Multiple Terrorists Arrested In Connection To Russia Shooting

Last Monday, Russian officials arrested four men, all dressed similarly to the attackers shown in footage from the slaughter at a music venue outside of Moscow. The men are likely the terrorists who orchestrated the assault because they were all wearing clothes that matched the men in the footage. One of the detainees is seen in a video wearing a light-brown T-shirt with a recognizable logo on the left breast and pants branded with Boss. These features are identical to what a shooter wore in the propaganda clip of the attack published by the Islamic State, often known as ISIS.

On Sunday night, a court hearing in Moscow recognized Saidakrami M. Rachabalizoda, Shamsidin Fariduni, Muhammadsobir Z. Fayzov, and Dalerjon B. Mirzoyev as the four suspects in the attack that killed over 130 people. According to three defendants who testified in court, Tajikistan is their home. Two of the guys interrogated in films seen by The Times spoke Tajik. Two of the men showed up to court with apparent wounds, and the footage shows that several of the victims were abused while in custody. A leaked copy of the fourth suspect’s passport indicates that he is also a native of Tajikistan; he appeared in court in a wheelchair and seemed unable to reply.

Islamic State claimed credit, released images of what it said were the assailants, and released footage of the incident itself after U.S. officials indicated the group had carried it out. Putin did not single out the Islamic State when he said that “international terrorism” was to blame for the attack. Russian state media set the stage for accusing Ukraine, which vehemently denied any responsibility.

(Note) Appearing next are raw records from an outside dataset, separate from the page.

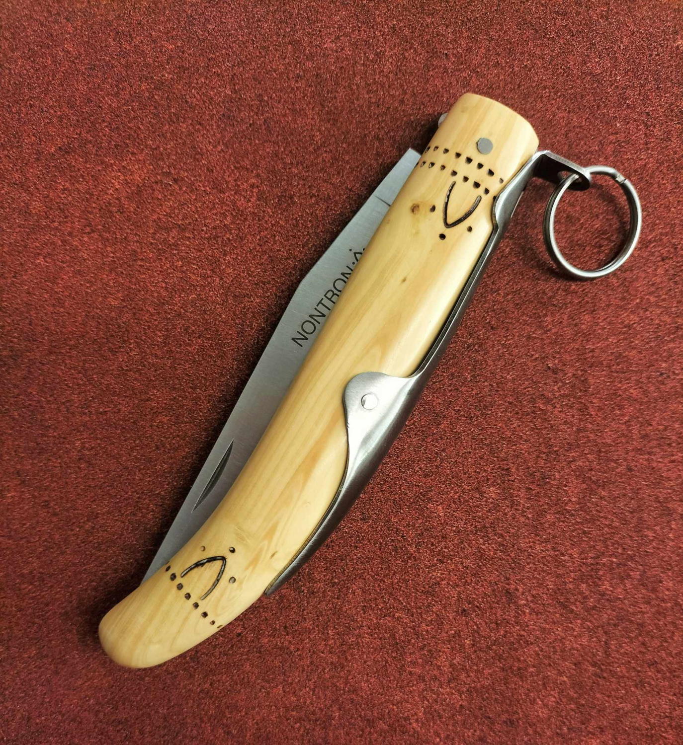 Véritable couteau Nontron avec son manche en buis pyrogravé, vous avez un cran d'arret par l'anneau.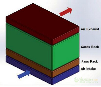 冷卻系統(tǒng)的組織,是為了使其符合機(jī)架供應(yīng)商的標(biāo)準(zhǔn)。如圖1所示,其顯示了我們最終的設(shè)計(jì)草圖。進(jìn)氣口是在前端的底部,而空氣的排出口是在頂部的背面或頂部。空氣流是從機(jī)架的底部流到頂部。最小空氣流量為每秒0.2立方米(m3/s)或420立方英尺每分鐘(cfm)。這一空氣流被定義了,以便該系統(tǒng)將能夠與現(xiàn)有的卡和機(jī)架向后兼容。機(jī)架的大小被固定在大約0.4 m x 0.44 m x 0.25 m (H x W x D),這意味著系統(tǒng)中的空氣每秒將被替換約四次。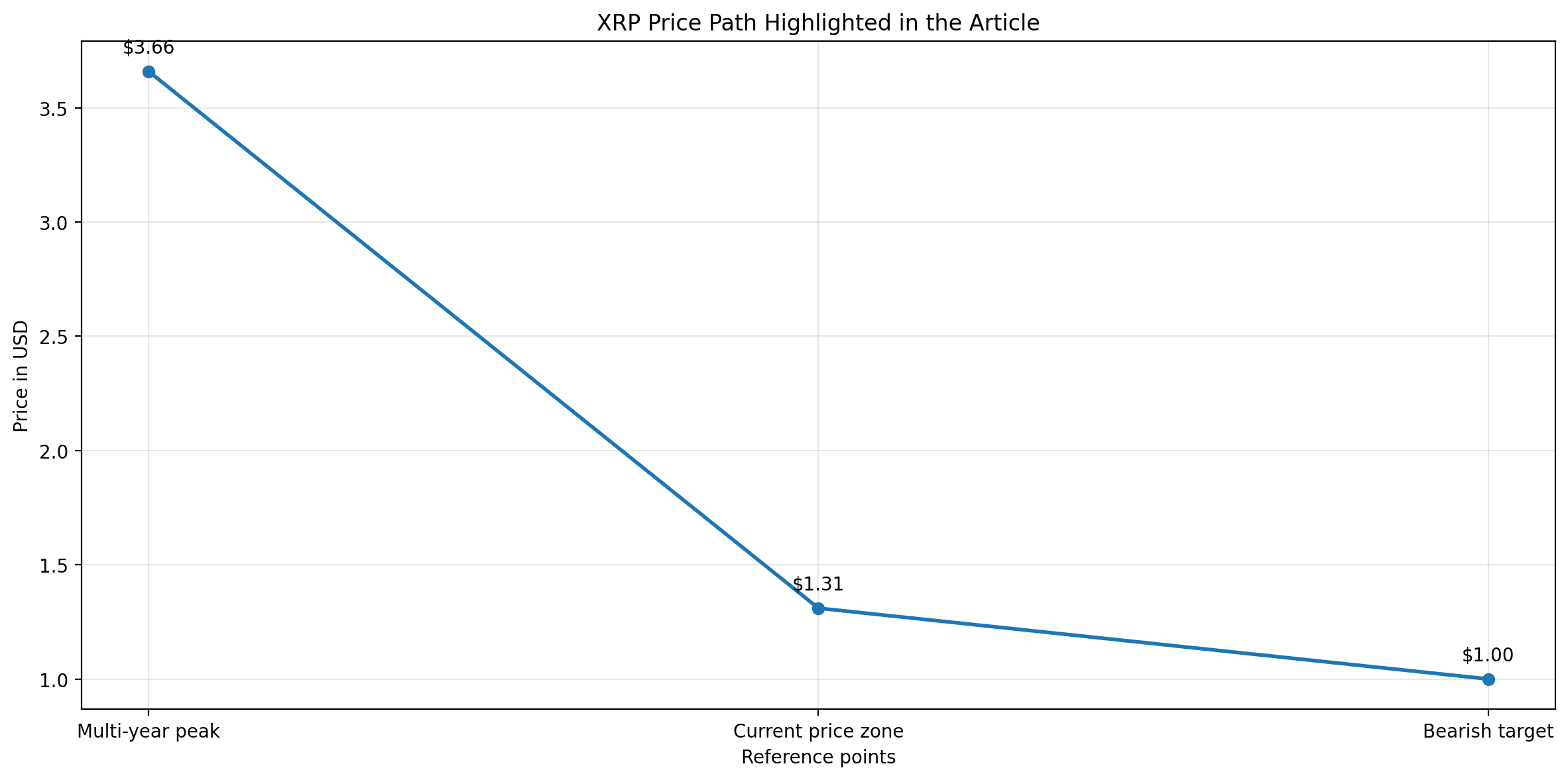 4月初,价格徘徊在1.31至1.35美元之间,交易者正密切关注1.30美元附近的支撑位能否守住,或者下一轮下跌是否会将瑞波币拖向1.00美元。这是当前2026年瑞波币价格预测的核心争论点,其背景是网络活动减弱、机构需求疲软,以及图表结构依然偏向看跌。

Senior scholar Rob Lee of the Philadelphia-based Foreign Policy Research Institute said that the gunmen in the video did not look very trained, even though they carried out one of the bloodiest terrorist attacks in Russia in decades. According to him, the attackers didn’t spread out and do more damage; instead, they appeared clustered together. Authorities would have an easier time tracking down and linking the perpetrators to the site if they changed into different clothing after the massacre and if they escaped in the same car that brought them there.